Ever have doubts about your capabilities? I think we all have. (Except for maybe a few oblivious people out there.) But doubt and fear are normal reactions when it comes to how we feel about our own artistic expression, including writing.
The older I get, the more I see how things are connected. We draw upon previous experiences to prepare us for new ones. In this case, since I’m fairly new to writing, I often find myself comparing writing to making music. I’ve been singing since I was eight, playing piano since the age of nine, and playing in band since junior high. So I have a lot of experiences to draw from. (I won’t tell you how many years. Let’s just say it’s many decades!)
Now I’m not an excellent musician. I’m good at sight-reading choral music and the technical aspects of music. (That was the only way I made it to Area in the state competition in choir in high school. I beat out singers with better voices because of smarts instead of talent.) I’ve sung solos and played instrumental solos. I’m okay, not great. I know my limitations.
But there are some people, the happy oblivious ones previously mentioned, who have absolutely no idea that they are bad. God bless them, they often are the most dedicated and enthusiastic participants, but they have no idea they stink. (I know that’s rude, but it’s true and we all know it.) So here’s the doubt mentioned in the title–Sometimes I think, “Am I one of those people?” I honestly have to ask myself that question from time to time. I don’t think I am, but I think it’s a healthy question to keep myself in check.
So since writing is a lot like music, there are those who stink and those who are good. (Don’t get yourself in a kerfluffle. We all know there are writers who stink.) So as I’m going down this path of choosing writing as a career, I’m wondering how am I doing? I know there is a lot of room for improvement, but am I one of the oblivious? Do I stink and no one is willing to tell me? I think my true friends are honest with me. I hope so, because I can’t improve if I don’t know!
On the other side of this coin, there are people who, no matter how much they practice, no matter how good they are, they’re still afraid of not measuring up. Boy, do I fall into this category. I get tremendous stage fright. It’s not uncommon for me to get sick to my stomach, sweat, or get heart palpitations. I used to cry and I’ve even blacked out before. Thank goodness I’ve at least got that under control! I’ve had people ask me, “If all of these things happen to you? Then why do you subject yourself to such torture?” The answer is, I’m compelled to. I have to. If you’ve ever been a part of something wonderful, that’s bigger than the sum of the participants, you’ll know what I mean. It’s a bit addictive but I think of it as a spiritual. It’s like you’re making magic, honestly. And who doesn’t want to make magic?

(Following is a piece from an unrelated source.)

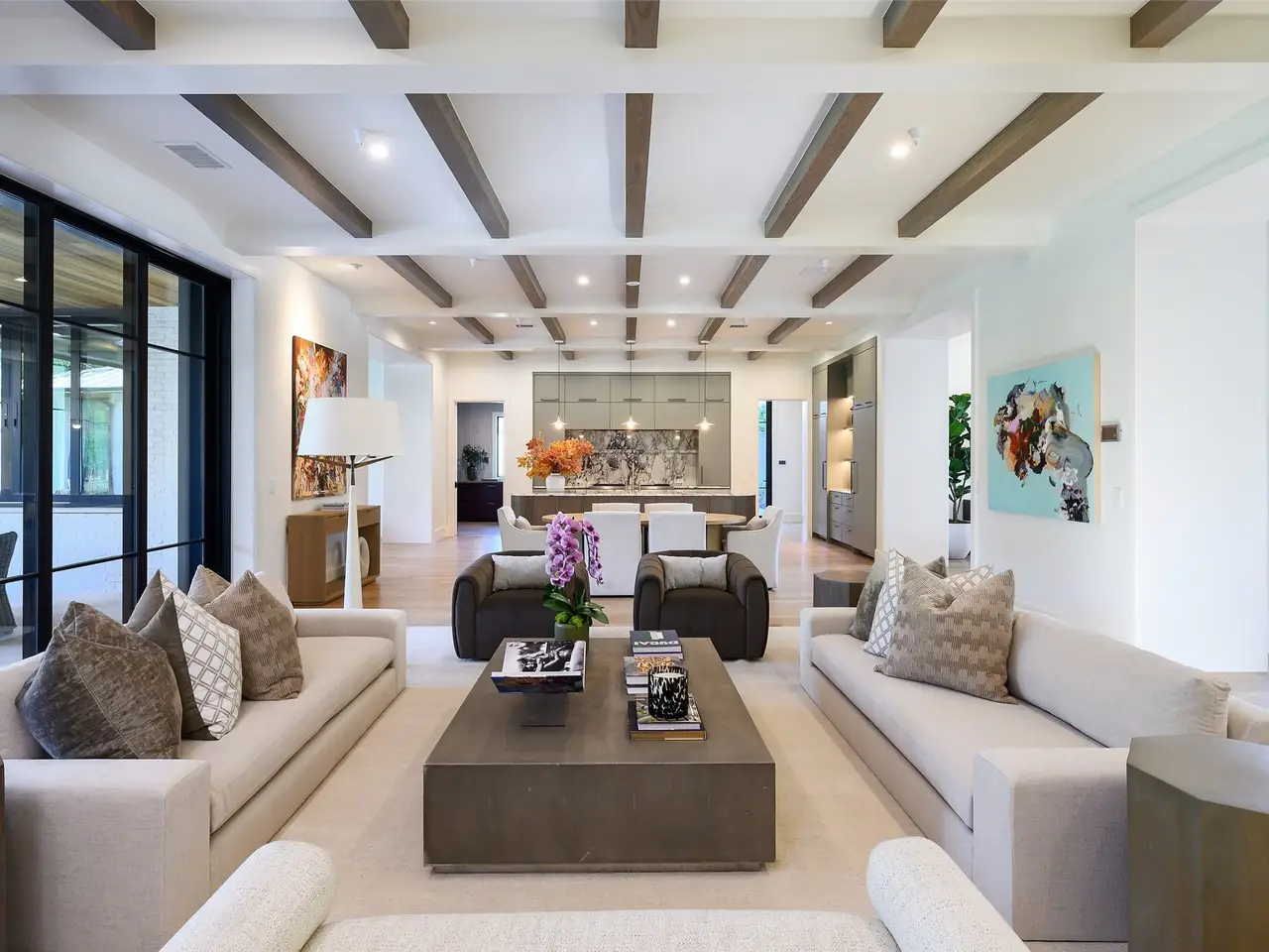 New construction masterpiece by Hudson Construction Group and Janson Luter Architects, located on a fully gated 0.675-acre lot in the prestigious heart of Preston Hollow. This light and bright home features an open floor plan designed for effortless entertaining year-round. The first floor offers a spacious primary suite, a guest bedroom, and formal living and dining areas, along with a gourmet kitchen that seamlessly flows into the breakfast area. Upstairs, the second floor features three generous ensuite bedrooms and a media room, a flexible space that can serve as a sixth bedroom or a fully equipped gym. Additional highlights include a large walk-in pantry with a scullery kitchen, two utility rooms, a private study, a comfortable lounge room with a sizable wine closet, and an elevator for easy access to all levels. Step outside to your backyard oasis, complete with a living area, sparkling pool, sports court, and a spacious yard.

And speaking of performing with others, have you ever performed with outstanding musicians? They make the experience a joy. And of course they you make better because you usually perform better to match them. Well we, at Austin Mystery Writers, have put together an anthology and invited some of our friends to contribute. I think they raised the
bar for us and we delivered. Sometimes I have my doubts about the quality of my story, but I also have faith it’s pretty good and I’m getting better. So I have faith amid my doubts and I’m moving forward, enjoying the experience, and making magic. And as always, practice, practice, practice, practice.
Murder On Wheels is available on Amazon and Barnes and Noble. The ebook version should be available soon.
7 thoughts on “Faith Amid Doubt”
Great post, Valerie, and oh, so true.
Reblogged this on Crime Ladies.
Good post. I live with doubt.
And I just want to say I’m proud to be in the same group with the person who wrote the following:
“But there are some people, the happy oblivious ones previously mentioned, who have absolutely no idea that they are bad. God bless them, they often are the most dedicated and enthusiastic participants, but they have no idea they stink.”
Sincerity, Truth, Design: You’ve hit them all in that passage. 🙂
Reblogged this on Kathy Waller and commented:
Austin Mystery Writer Valerie Chandler writes about doubt, a feeling familiar to most writers.